> **Goal of the exercise**: Drop all images and give the records again exactly.
○ ○ ○ ○ ○
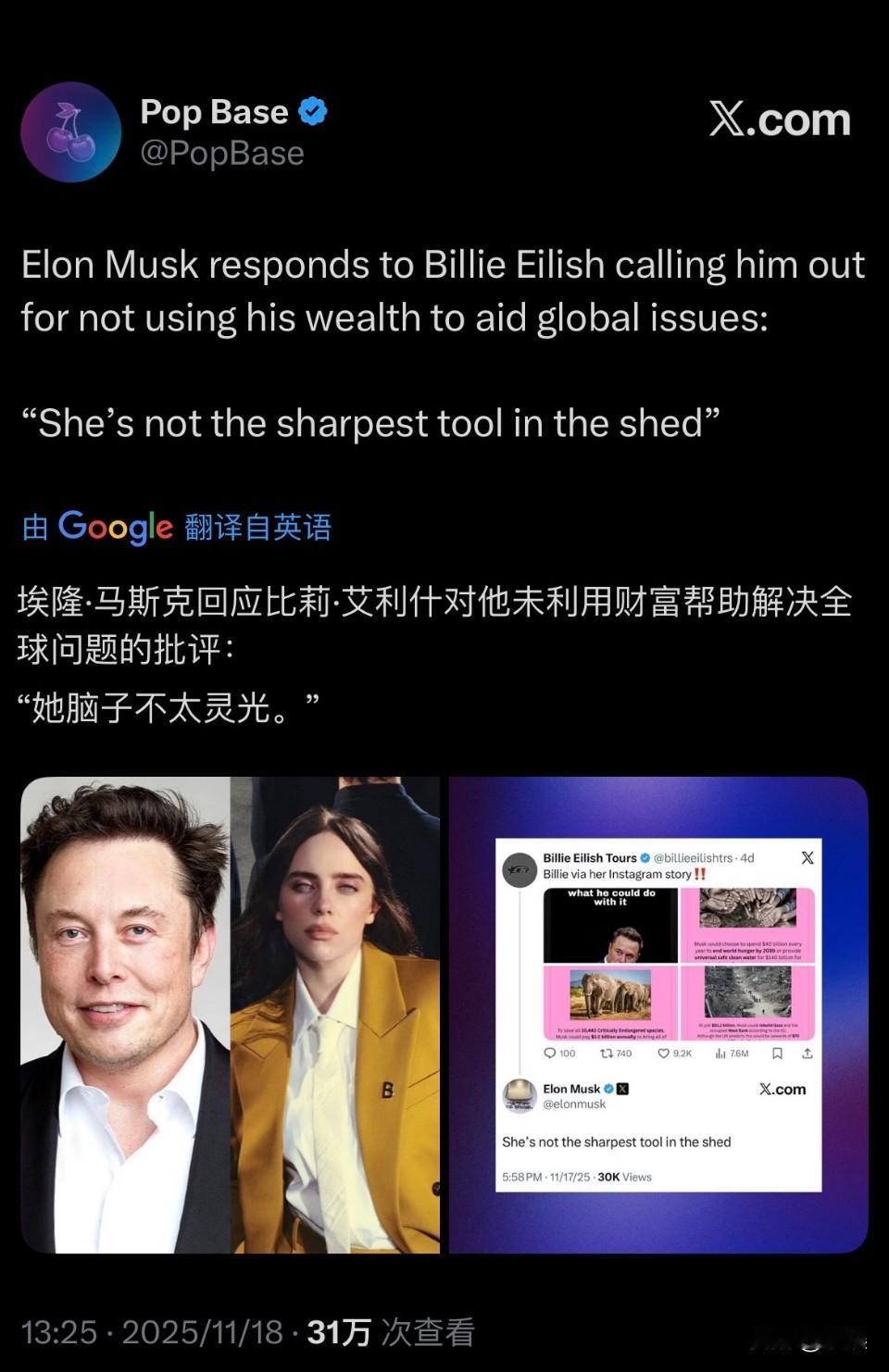 马斯克回怼碧梨:她脑子不咋灵光 我喜欢她这么多年了,还去看了她的演唱会,排队排一天在第一排看的,但是我还是想说,人家捐不捐钱关你什么事啊?!为什么要对别人的钱占有欲那么强!?[吃瓜群众] 马斯克也有捐过特斯拉股份,麻烦她去查一下。[吃瓜群众]马斯克 特斯拉马斯克
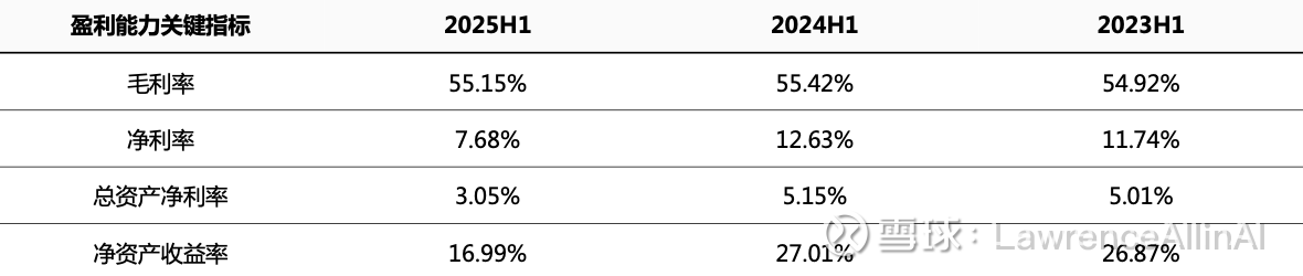 1.盈利能力显著收缩:2025H1净利率同比大幅下降4.95个百分点(12.63%→7.68%),总资产净利率与净资产收益率同步降至3.05%和16.99%,降幅分别达40.8%和37.1%。
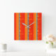 Cool Rustic Blue Orange Yellow Red Stripes Square Wall Clock
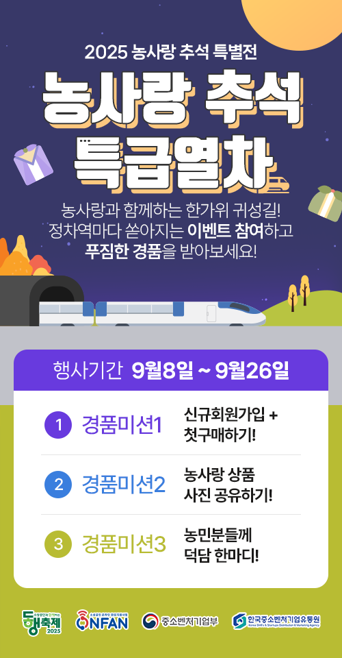 충남농사랑 추석 기획전 행사 품목으로는 한산소곡주, 홍로 사과, 배 등 농산물과 버섯·참기름·전통주 세트 등 가공 선물 세트등 다양한 품목과 선물하기 용이한 상품 등을 최대 20% 할인판매 할 예정이다.
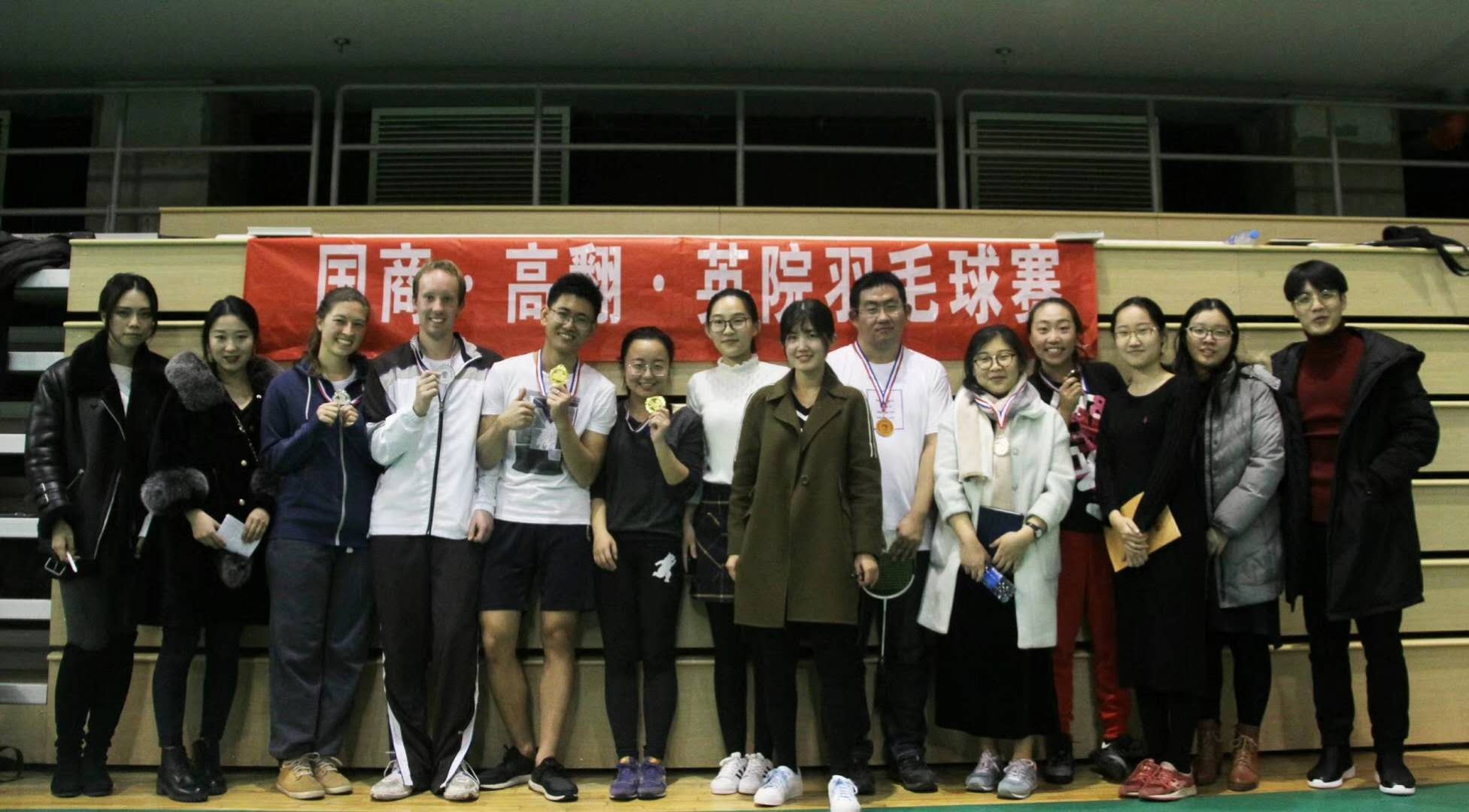 ——2017年11月25日-26日,由英院、高翻、国商三个学院联合举办的第三届英院•高翻•国商羽毛球赛在北京外国语大学体育馆二层成功举行。三个学院派出选手参赛,经过几个回合的激烈角逐,英语学院斩获了男单、女单、女双、混双四项冠军和男双亚军,总积分位列第一,成功蝉联了三院羽毛球赛团体总冠军!
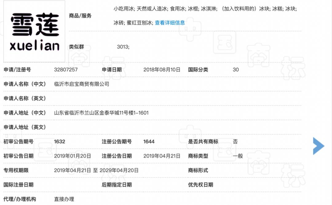 而据天眼查,古椹斋食品并没有“雪莲”或“雪莲冰块”字样的商标权,而是其股东临沂市启宝商贸有限公司(以下简称“临沂启宝”)有“雪莲”中文与拼音的商标。
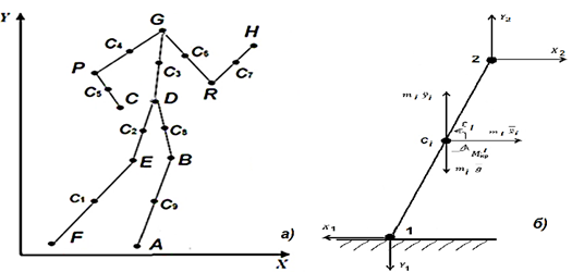 звеньев и узлов шагающего механизма человекоподобного робота, рисунок 1, методами
○ ○ ○ ○ ○
> **Expected answer**:
 马斯克回怼碧梨:她脑子不咋灵光 我喜欢她这么多年了,还去看了她的演唱会,排队排一天在第一排看的,但是我还是想说,人家捐不捐钱关你什么事啊?!为什么要对别人的钱占有欲那么强!?[吃瓜群众] 马斯克也有捐过特斯拉股份,麻烦她去查一下。[吃瓜群众]马斯克 特斯拉马斯克
 1.盈利能力显著收缩:2025H1净利率同比大幅下降4.95个百分点(12.63%→7.68%),总资产净利率与净资产收益率同步降至3.05%和16.99%,降幅分别达40.8%和37.1%。
 Cool Rustic Blue Orange Yellow Red Stripes Square Wall Clock
 충남농사랑 추석 기획전 행사 품목으로는 한산소곡주, 홍로 사과, 배 등 농산물과 버섯·참기름·전통주 세트 등 가공 선물 세트등 다양한 품목과 선물하기 용이한 상품 등을 최대 20% 할인판매 할 예정이다.
 ——2017年11月25日-26日,由英院、高翻、国商三个学院联合举办的第三届英院•高翻•国商羽毛球赛在北京外国语大学体育馆二层成功举行。三个学院派出选手参赛,经过几个回合的激烈角逐,英语学院斩获了男单、女单、女双、混双四项冠军和男双亚军,总积分位列第一,成功蝉联了三院羽毛球赛团体总冠军!
 而据天眼查,古椹斋食品并没有“雪莲”或“雪莲冰块”字样的商标权,而是其股东临沂市启宝商贸有限公司(以下简称“临沂启宝”)有“雪莲”中文与拼音的商标。
 звеньев и узлов шагающего механизма человекоподобного робота, рисунок 1, методами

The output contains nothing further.